Kane Should Stick to Hockey in the Future

Tony Farina

NOV 12, 2015

Patrick Kane

In 591 regular season games as a member of the Chicago Blackhawks, South Buffalo’s Patrick Kane has 580 points.  Kane has 114 points in 116 playoff games.  And the right winger and his Blackhawks have won three Stanley Cup championships.  It is a spectacular record on the ice but Kane has not been as successful off the ice, starting with a run in with a cabbie six years ago and the recent drama of a possible rape charge against him that only recently went away.

But now that Kane has apparently escaped a rape indictment, there are still noises coming from the father of the girl who initially accused Kane of raping her Aug. 2 at his lakefront home in Hamburg.

According to Sports Mockery, the Chicago-based website that has covered the Kane saga since the beginning, the father of the alleged victim has gone on a twitter bender, calling the district attorney a liar for saying his daughter had signed a non-prosecution affidavit, and saying it was just one of many lies in the circus-like case that ended last week when DA Frank Sedita said the alleged victim’s claims were not supported by the evidence.

But the father tweeted that the case is far from over, saying “I’m so excited about what I know will be exposed that I seriously get goosebumps.”  The father also tweeted that “when puck boy can write a $2 million check as a retainer ‘funny’ things happen.”

So the father of the 21-year-old former cheerleader who spent time with Kane at his home in the wee hours of Aug. 2 and accused him of raping her, believes his daughter was the victim of a legal conspiracy to get Kane off and says he has information that will expose the inside story.  So this “so-called case” may not be completely over, if you believe his twitter rage.  But it could also be the rants of an enraged father who can’t accept the facts in the case which apparently don’t support a charge of rape.

Kane isn’t saying anything these days, but his attorney, Paul Cambria, told the Buffalo News that Kane has learned some painful lessons from the rape case drama and predicts the young man will not put himself in such a position in the future.

We can only hope that Cambria is correct and that the young man, at age 26, has learned to stay out of trouble off the ice and not get into situations that could further damage his image which has already taken a big hit.  Kane has lost millions in endorsements and has had to endure three months of damaging stories and constant references to the possibility that he is a criminal.

None of us will ever know what happened between Kane and the young woman after he invited her to his Hamburg home after a night of partying at a downtown club.  But there’s no evidence he raped her, according to the district attorney, and the witness statements did not hold up.  Then there was the hoax perpetrated by her mother on her own lawyer, suggesting evidence in the rape kit had been compromised.  It proved not to be true.

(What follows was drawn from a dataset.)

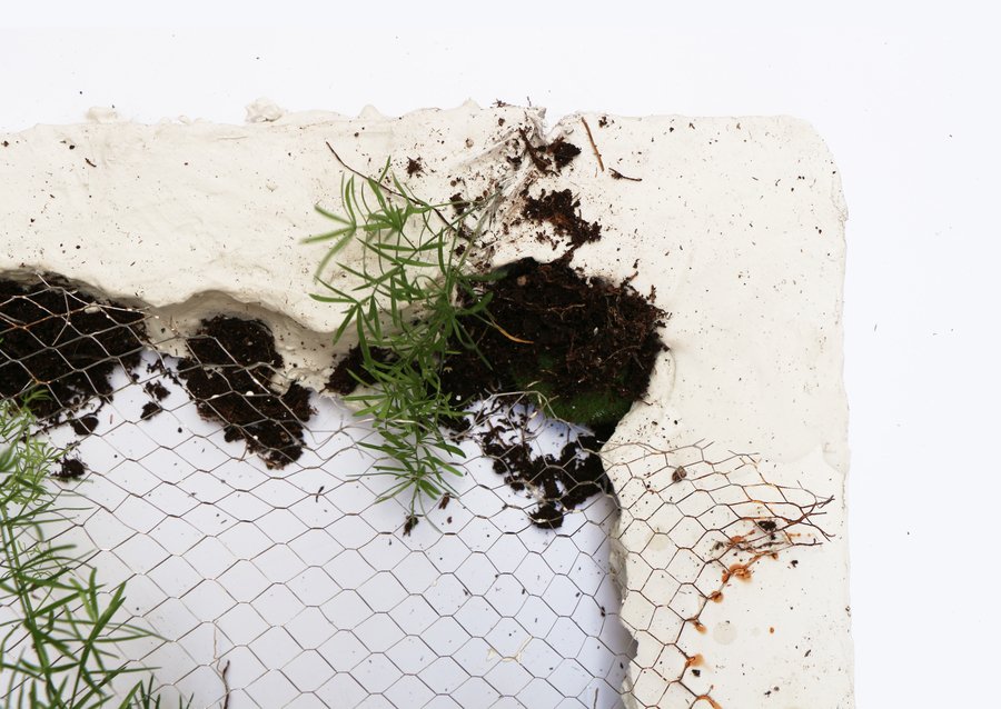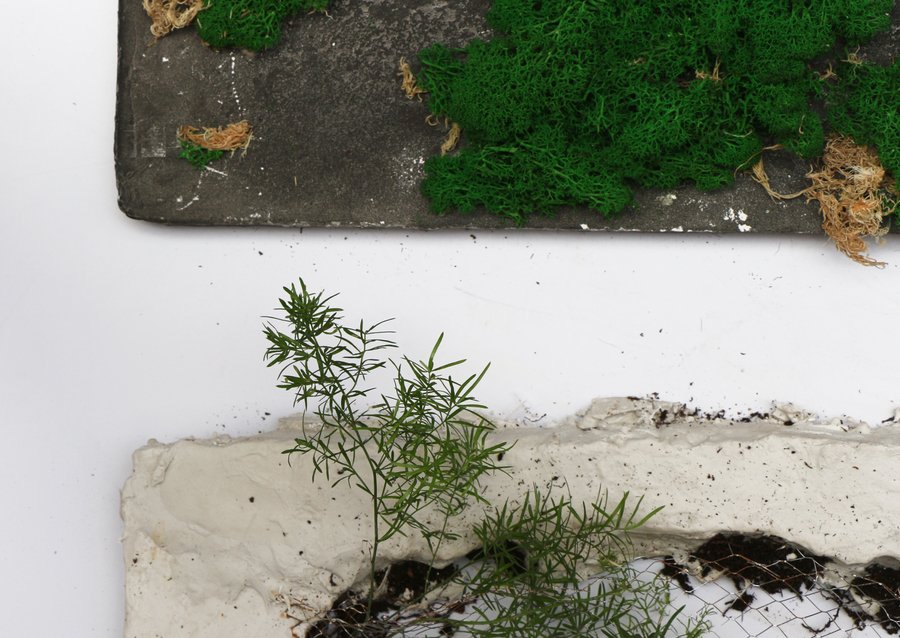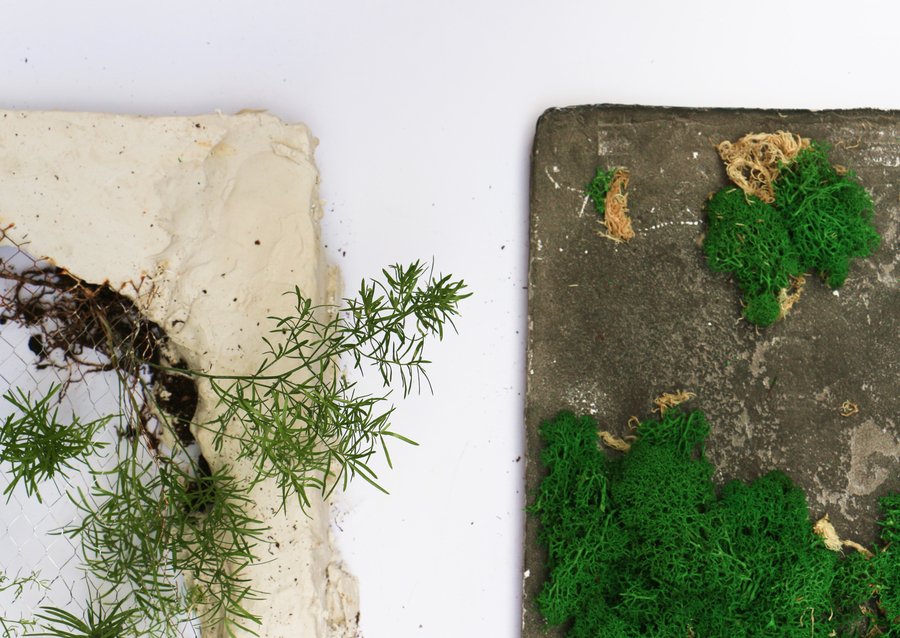 Природа борется до последнего и даже на необработанной почве может что-то расти. Часто можно увидеть как ростки пробираются сквозь асфальт. Использованный в проекте мох один из самых жизнеспособных растений, олицетворяющий экологию способную развиваться даже в трудных условиях.
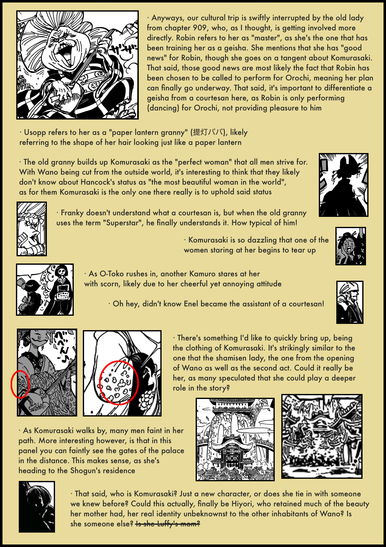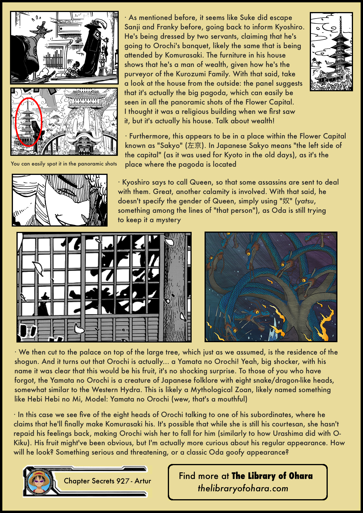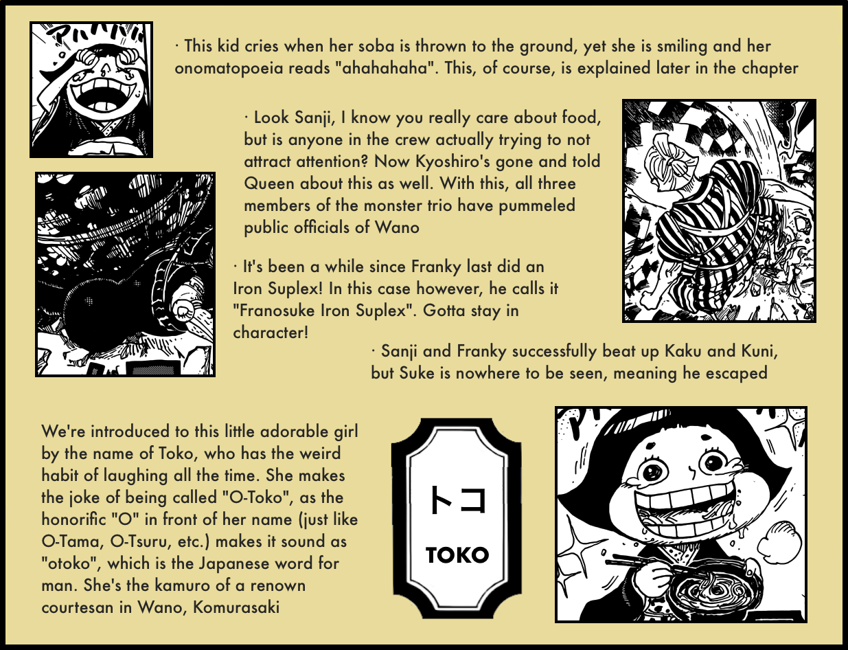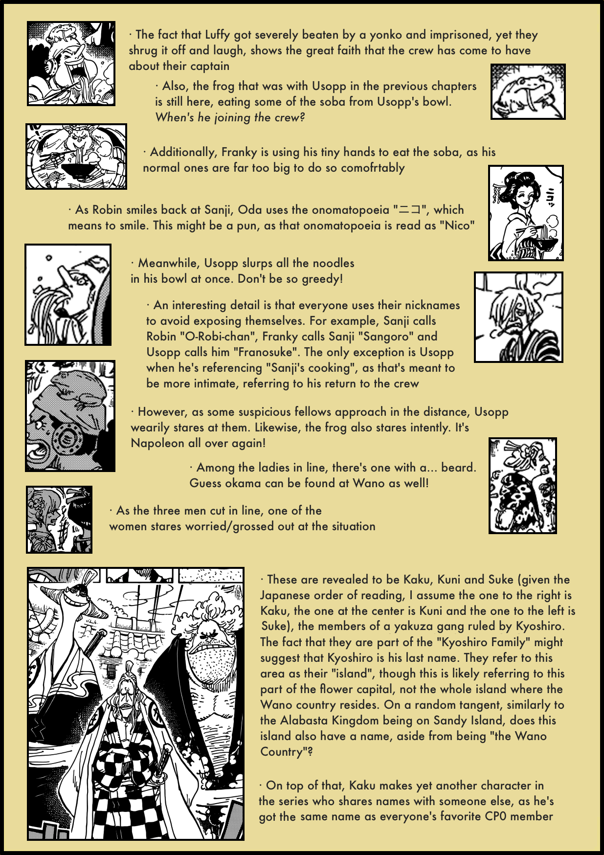 1. Awesome work and thourough analysis Artur-dono; i must say that kyoshiro’s previous comment still bugs me, as he insinuated that orochi is a coward; was it intended to be taken in the literal sense or just a figure of speech; also maybe the sneaky/weaselly craftiness comes as a characteristic of the devil fruit he consumed, i mean him being an orochi and all.

Through it all, Kane’s defense team was restrained (except for the evidence bag hoax), but as we reported from early on in several stories, they seemed confident Kane would be exonerated in the end.

Well, the end has come, maybe, and Kane was exonerated, at least by prosecutors if not by his accuser’s father.  So Kane is back doing what he does best, scoring points for the Blackhawks.  His family and friends hope the young man stays focused on hockey and out of environments that could cause him trouble, especially given his fame and notoriety.

Those who know Patrick Kane have supported him throughout the rape case, and so have his teammates on the Blackhawks.  It is time for him to work hard at rehabilitating his image and stay out of trouble off the ice.  Kane is a terrific hockey player, putting together a sure Hall of Fame career and scoring just about a point a game whether during the regular season or the playoffs.  We wish him the best and we also hope the young woman who accused him will move on, accepting the fact her story didn’t hope up.  We hope her father does the same.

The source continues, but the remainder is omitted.